我正在尝试计算光盘上文件的大小。在 java-7 中,这可以使用Files.walkFileTree来完成,如我在此处的回答所示。
However if i wanted to do this using java-8 streams it will work for some folders, but not for all.
但是,如果我想使用 java-8 流执行此操作,它将适用于某些文件夹,但不适用于所有文件夹。
public static void main(String[] args) throws IOException {
long size = Files.walk(Paths.get("c:/")).mapToLong(MyMain::count).sum();
System.out.println("size=" + size);
}
static long count(Path path) {
try {
return Files.size(path);
} catch (IOException | UncheckedIOException e) {
return 0;
}
}
Above code will work well for path a:/files/
but for c:/
it will throw below exception
上面的代码适用于路径,a:/files/
但c:/
它会抛出以下异常
Exception in thread "main" java.io.UncheckedIOException: java.nio.file.AccessDeniedException: c:$Recycle.Bin\S-1-5-20
at java.nio.file.FileTreeIterator.fetchNextIfNeeded(Unknown Source)

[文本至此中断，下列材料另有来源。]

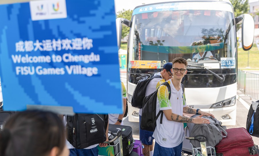 Team Brazil arrive at the FISU Games Village in Chengdu, southwest China's Sichuan Province, July 22, 2023. The 31st International University Sports Federation (FISU) Summer World University Games will be held in Chengdu from July 28 to August 8. (Xinhua/Huang Wei)
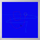 Un diseño minimalista presenta líneas geométricas simples en rojo, azul y cian con un fondo azul intenso. Las formas incluyen un cuadrado, un círculo y líneas curvadas, creando una composición abstracta.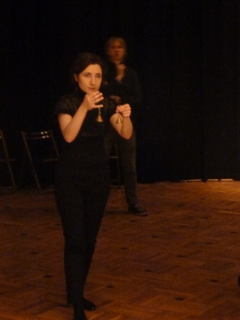 While they played and moved, Robert (sound engineer) and I tested various configurations in terms of positioning the audience in relation to the performers. We tested three different scenarios: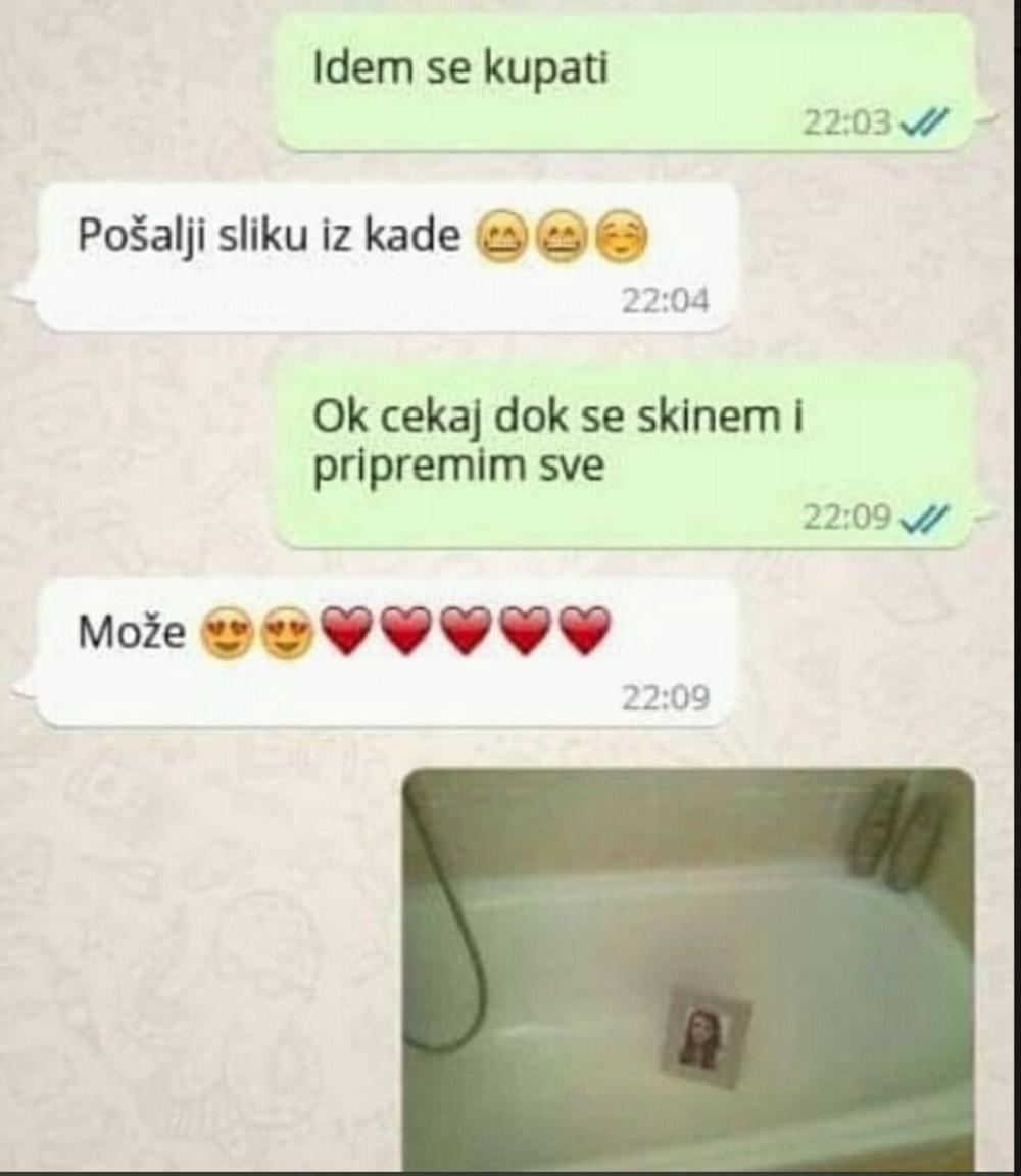 Jedna devojka je rešila da stavi svoju sliku u kadu i to doslovno i pošalje je momku koji joj je tražio fotografiju iz kade.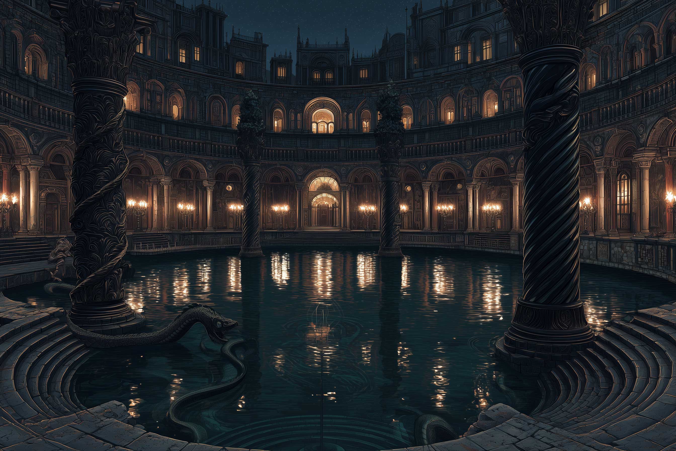 The origins of Ca’ Serpente are lost in conflicting legends. Some say the foundations were laid in Roman times, upon a buried Mithraic temple. Others claim it was raised overnight by an Assamite sorcerer bound in blood to a long-dead Prince. What is known is this: the palace existed long before Venice’s mortal nobility dreamed of Doges, and long before the current Prince carved her rule in bone and silence.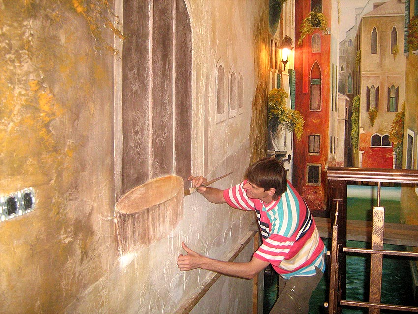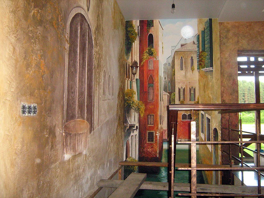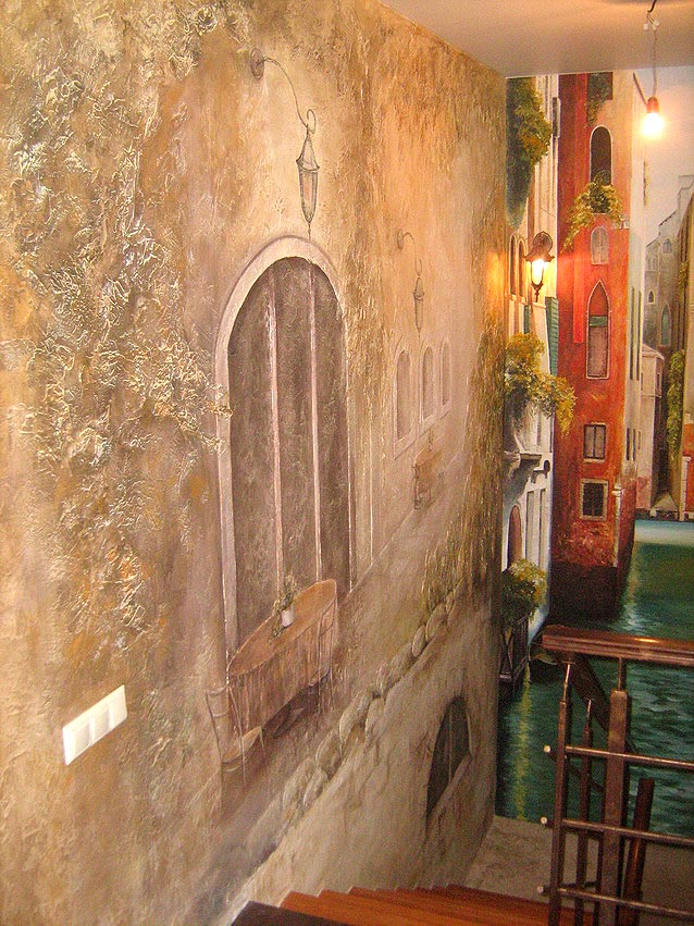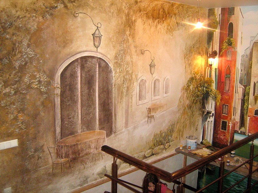 Художественная роспись с элементами лепнины. "Венеция". Кафе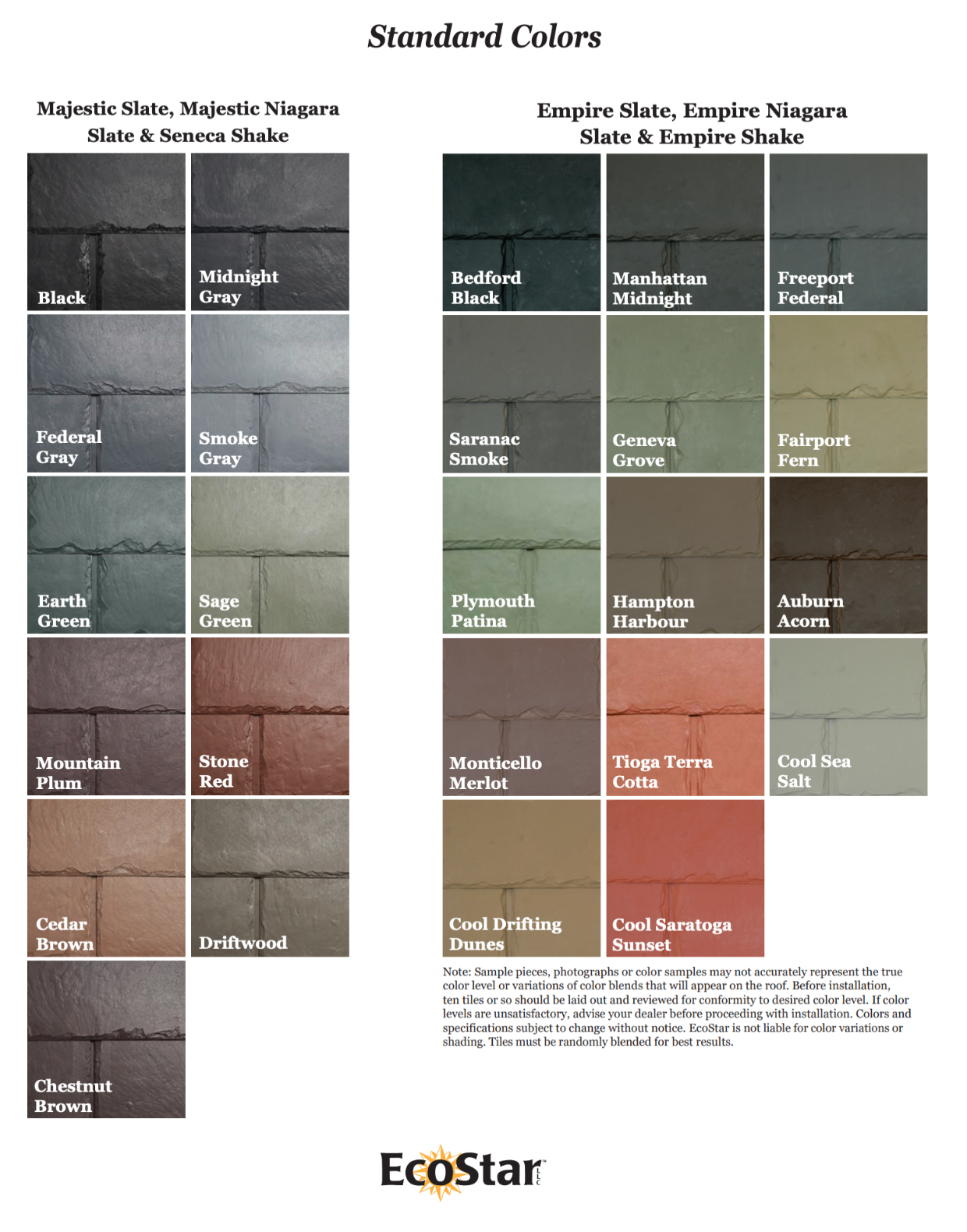 The Majestic Niagara design consumes less raw material, reduces roof load by up to 20% and lowers installation labor by 30%. Unlike other synthetic slates, Majestic Niagara Slate is manufactured from up to 80% post-industrial recycled materials. Ecostar roofing tiles, including the larger Majestic Niagara Slate, provide long-lasting durability, superior protection against extreme weather conditions and 50 years of warranty coverage. Available in 11 standard colors, Majestic Niagara Slate offers endless opportunity to showcase the beauty of natural slate at a fraction of the cost.

at java.nio.file.FileTreeIterator.hasNext(Unknown Source)
at java.util.Iterator.forEachRemaining(Unknown Source)
at java.util.Spliterators$IteratorSpliterator.forEachRemaining(Unknown Source)
at java.util.stream.AbstractPipeline.copyInto(Unknown Source)
at java.util.stream.AbstractPipeline.wrapAndCopyInto(Unknown Source)
at java.util.stream.ReduceOps$ReduceOp.evaluateSequential(Unknown Source)
at java.util.stream.AbstractPipeline.evaluate(Unknown Source)
at java.util.stream.LongPipeline.reduce(Unknown Source)
at java.util.stream.LongPipeline.sum(Unknown Source)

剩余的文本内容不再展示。